### WORK ORDER
From the data below, return only the lines from the one with "Get ready for" through the one with "смесь, поперчить, перемешать.", exact and inclusive, with pictures left out.

──────────

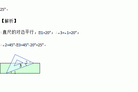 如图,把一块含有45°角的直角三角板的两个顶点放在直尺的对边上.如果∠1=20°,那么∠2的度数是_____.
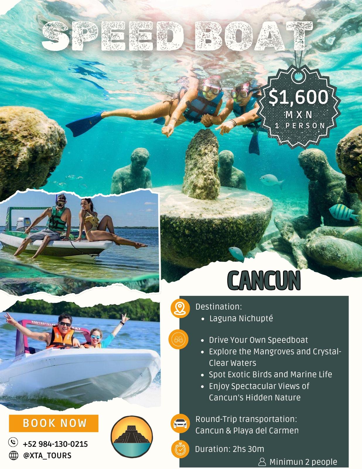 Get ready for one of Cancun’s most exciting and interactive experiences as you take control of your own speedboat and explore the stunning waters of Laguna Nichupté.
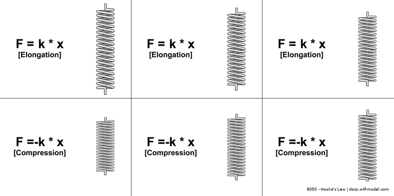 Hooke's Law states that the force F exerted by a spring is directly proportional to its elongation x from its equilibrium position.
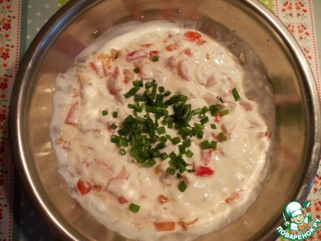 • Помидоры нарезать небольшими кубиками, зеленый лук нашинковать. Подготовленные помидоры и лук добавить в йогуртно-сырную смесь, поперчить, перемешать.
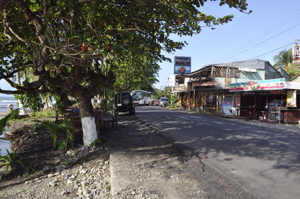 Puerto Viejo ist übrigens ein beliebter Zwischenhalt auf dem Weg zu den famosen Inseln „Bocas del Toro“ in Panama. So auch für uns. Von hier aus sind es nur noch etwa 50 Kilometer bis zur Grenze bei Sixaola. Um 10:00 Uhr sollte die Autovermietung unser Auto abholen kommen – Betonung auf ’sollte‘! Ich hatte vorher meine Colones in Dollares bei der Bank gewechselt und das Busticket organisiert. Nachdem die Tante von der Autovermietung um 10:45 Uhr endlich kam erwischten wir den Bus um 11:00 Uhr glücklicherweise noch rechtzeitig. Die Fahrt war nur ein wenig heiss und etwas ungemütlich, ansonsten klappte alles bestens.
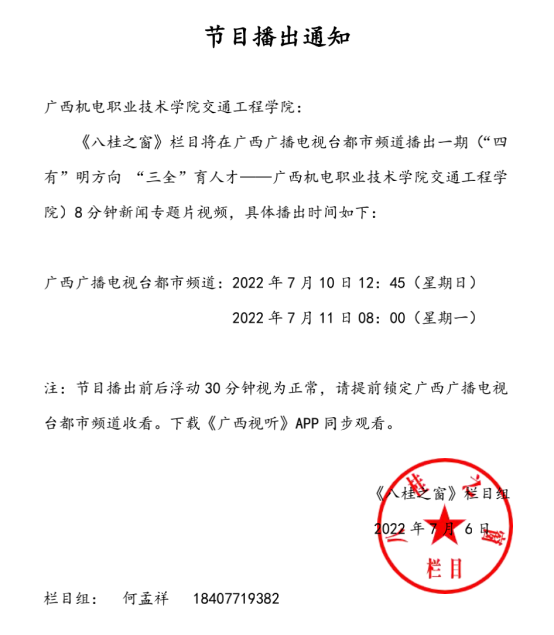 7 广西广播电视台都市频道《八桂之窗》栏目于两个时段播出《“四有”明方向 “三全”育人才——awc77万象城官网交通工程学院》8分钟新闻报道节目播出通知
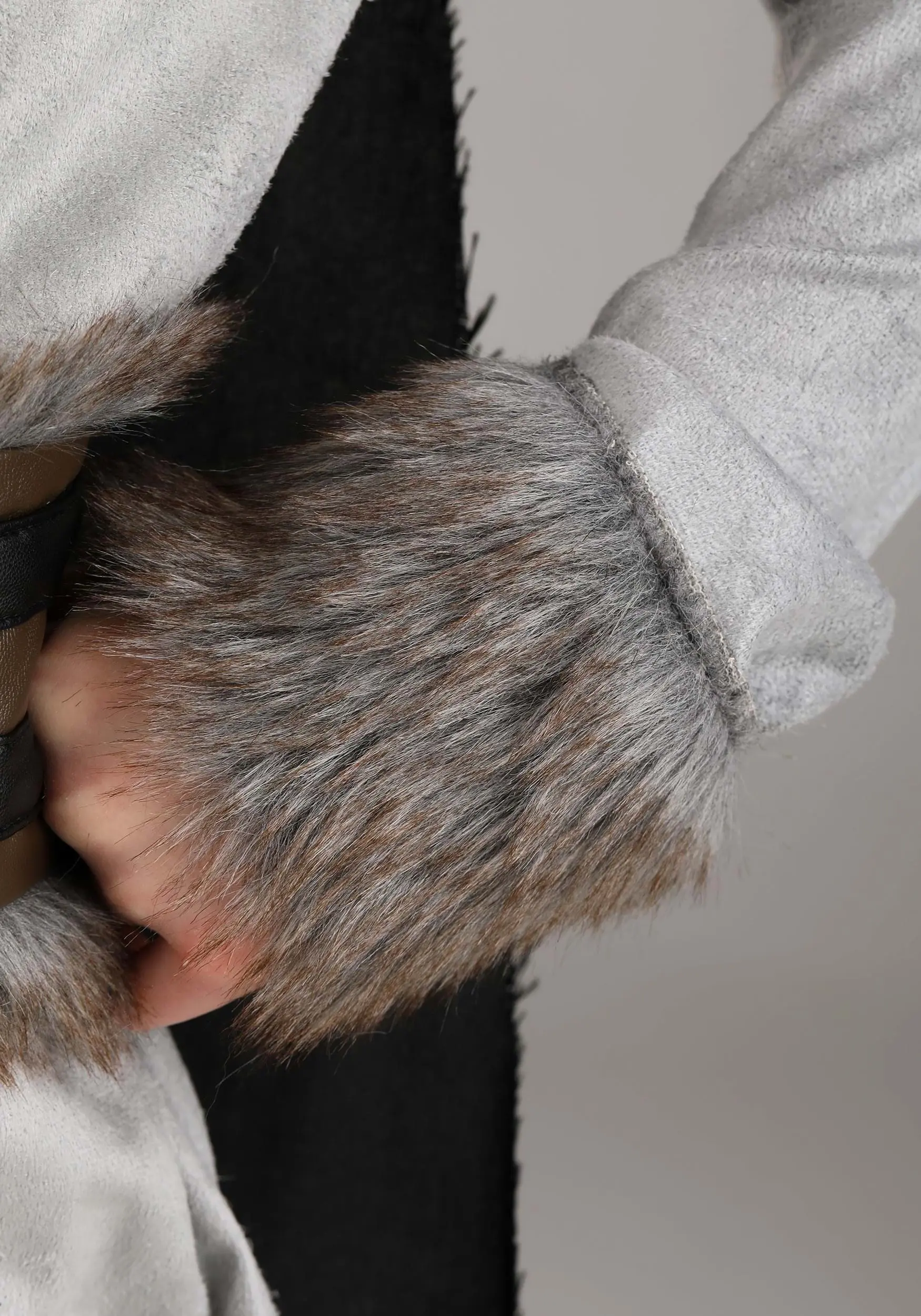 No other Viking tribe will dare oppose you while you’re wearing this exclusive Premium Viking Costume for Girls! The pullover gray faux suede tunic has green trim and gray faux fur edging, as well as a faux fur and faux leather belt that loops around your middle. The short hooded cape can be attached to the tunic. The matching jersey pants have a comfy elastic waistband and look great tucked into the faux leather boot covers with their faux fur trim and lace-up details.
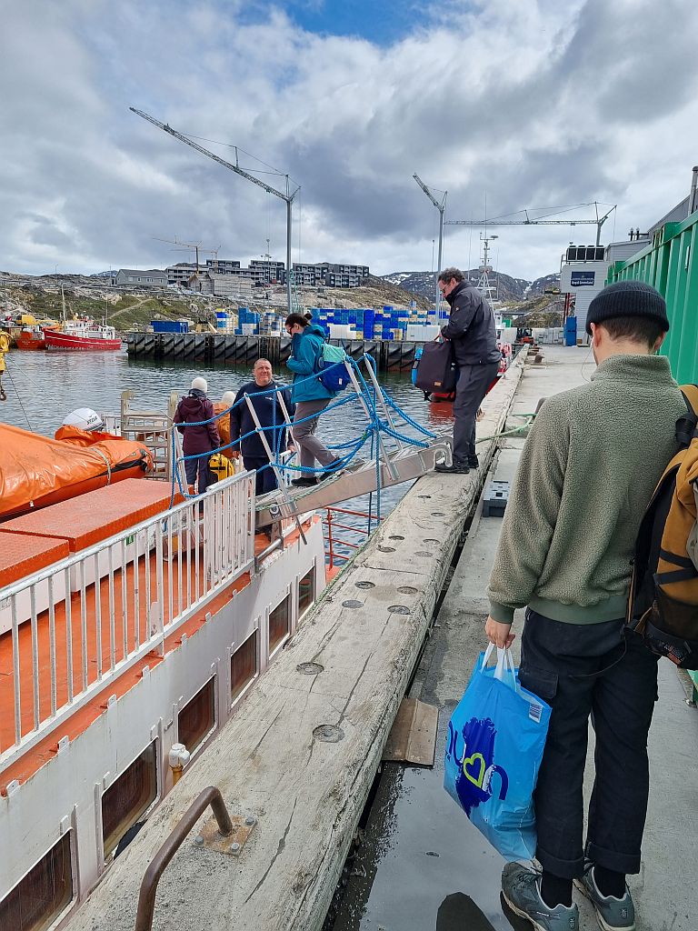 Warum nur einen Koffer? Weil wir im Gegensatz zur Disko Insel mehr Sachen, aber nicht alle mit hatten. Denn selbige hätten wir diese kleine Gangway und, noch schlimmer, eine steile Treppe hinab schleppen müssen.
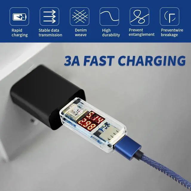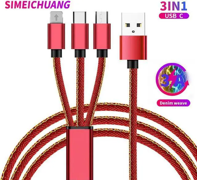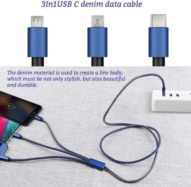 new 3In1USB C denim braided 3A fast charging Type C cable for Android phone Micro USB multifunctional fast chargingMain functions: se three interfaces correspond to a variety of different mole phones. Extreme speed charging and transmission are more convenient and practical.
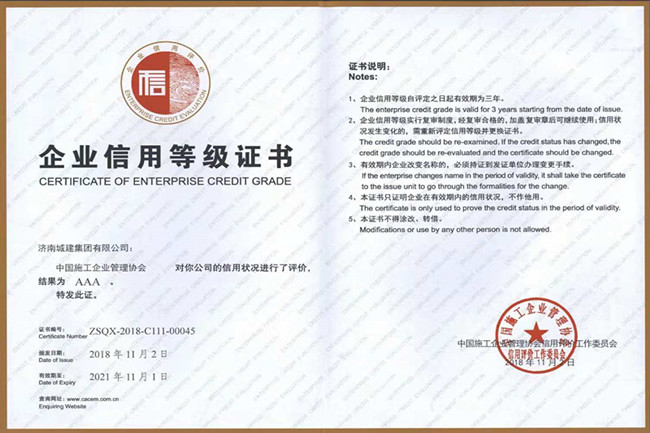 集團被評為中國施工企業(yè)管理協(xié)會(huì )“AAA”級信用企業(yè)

──────────

### RESPONSE BELOW
 Get ready for one of Cancun’s most exciting and interactive experiences as you take control of your own speedboat and explore the stunning waters of Laguna Nichupté.
 Hooke's Law states that the force F exerted by a spring is directly proportional to its elongation x from its equilibrium position.
 • Помидоры нарезать небольшими кубиками, зеленый лук нашинковать. Подготовленные помидоры и лук добавить в йогуртно-сырную смесь, поперчить, перемешать.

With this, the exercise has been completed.